In the current Italian corporate environment, which is always looking for tools to facilitate investment and capital raising, a new institution has emerged and it seems to perfectly combine, on the one hand, the need for capital strengthening of companies, and, on the other hand, the need and/or desire to temporally limit the permanence of new shareholders in the company.
These are the so-called "self-extinguishable" holdings (shares or quotas), which are now considered to be legitimate (albeit with some distinctions), both by the doctrine and notaries.
Such holdings, by which the subscriber fully become a new shareholder, are characterized by their automatic termination upon the occurrence of certain conditions or the expiration of a certain term.
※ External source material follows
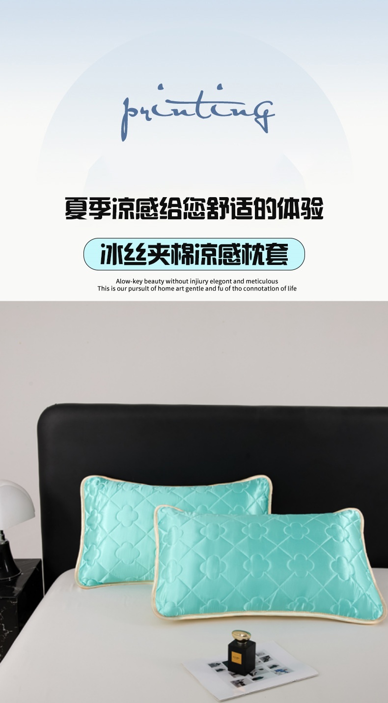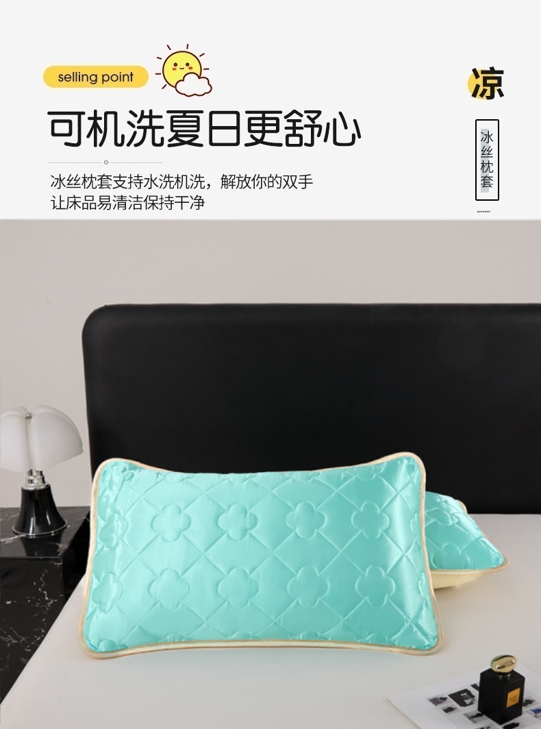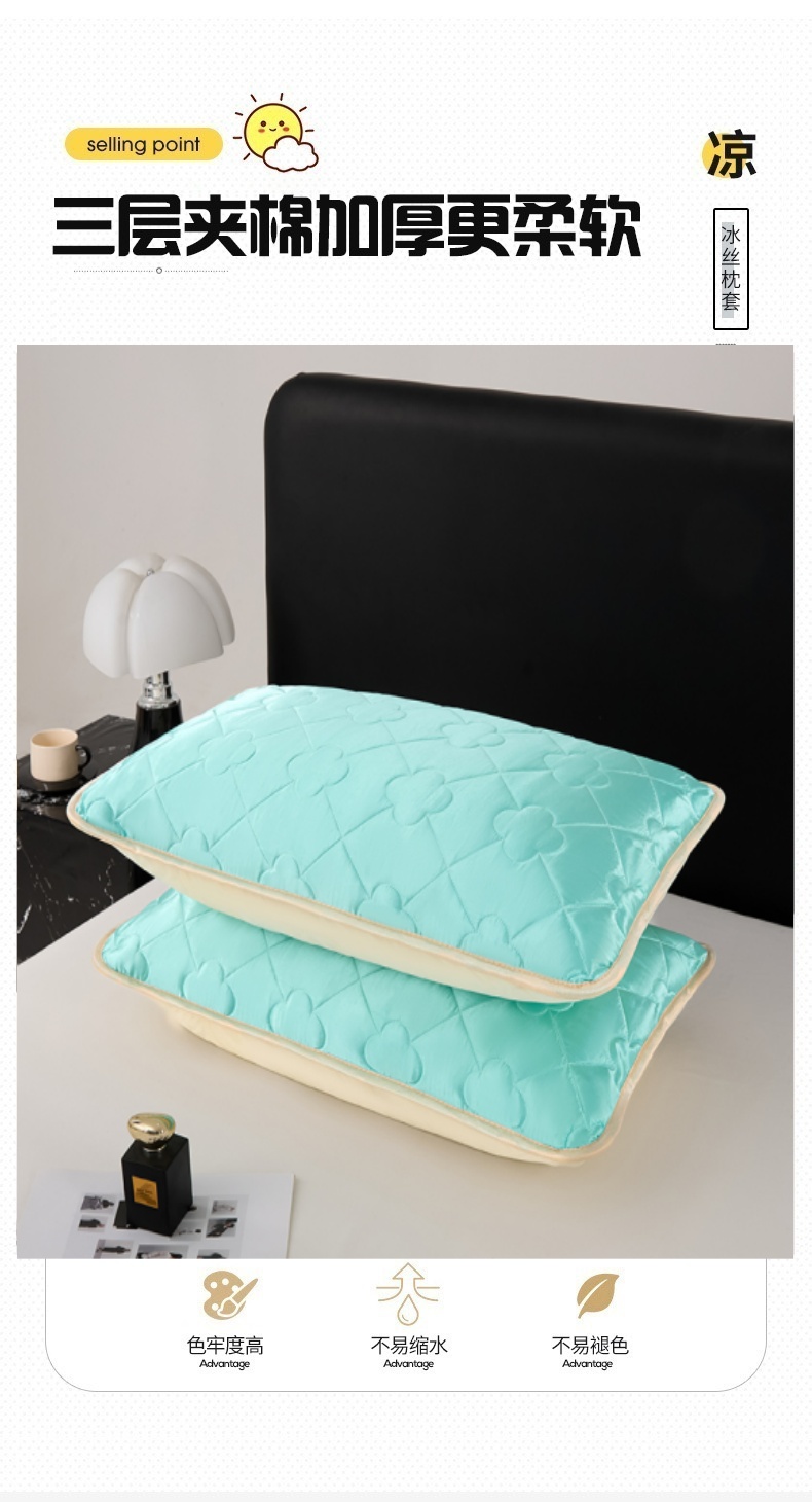 商品名称:梦舒羽 2025新款夏季冰丝凉感夹棉枕套单人一对装可水洗加厚枕头套宿舍48x74cm枕芯套 夹棉加厚-水蓝色

The choice of condition (which cannot be merely potestative, i.e., left to the simple will of one of the parties) and/or term can be the most varied and can be declined according to the concrete needs of the company and/or investors.
In particular, the regulation of these types of holdings (to be adopted in the bylaws, according to the rules and cautions imposed by the individual instrument and the type of company involved) can be structured in multiple ways, so as to adapt to the particular needs of each, specific, situation. In particular, it is possible to envision quotas and/or shares that automatically terminate:

  • to the achievement of certain business goals or failure to achieve certain results;​
  • upon distribution of a specified amount of profits (so as to have, eventually, remunerated the investment of the shareholder);
  • upon the occurrence of certain future events, e.g., the death of the shareholder (in case one wishes to sterilize generational handover hypotheses), or the removal of the shareholder from certain corporate offices (typical bad leaver hypothesis, in case of stock options).

It is also possible to determine ex ante how the holdings are to be liquidated when they are extinguished.


In particular, both doctrine and notaries recognize how it is legitimate that the parties establish that, upon termination:

  • participations are liquidated according to special valuation methods, to be structured on a case-by-case basis, in order to guarantee an exit to the shareholder, for an amount already parameterized at the time of subscription;​
  • there is no liquidation of the shareholdings, which, as they are extinguished, do not confer any property rights on the (former) shareholder. 

It is evident that the tool briefly outlined above (and which will be the subject of further and more in-depth comments, both for the issues of an exquisitely corporate nature and for the related tax implications) is particularly interesting for all operators involved in venture capital operations (both as targets and as investors). In fact, with the inclusion of this type of shareholding in the bylaws (and their regulation) it is possible to provide for various hypotheses of exit, liquidation and/or divestment, possibly avoiding more complex provisions of options (put or call) or causes of withdrawal and redemption of shareholdings. Considering the above, it is easy to foresee that the new instrument (which, due to its recent introduction, needs careful analysis and regulation) will be subject to multiple uses in the near future, given its aptitude to satisfy the different interests of the parties usually involved in capital raising operations.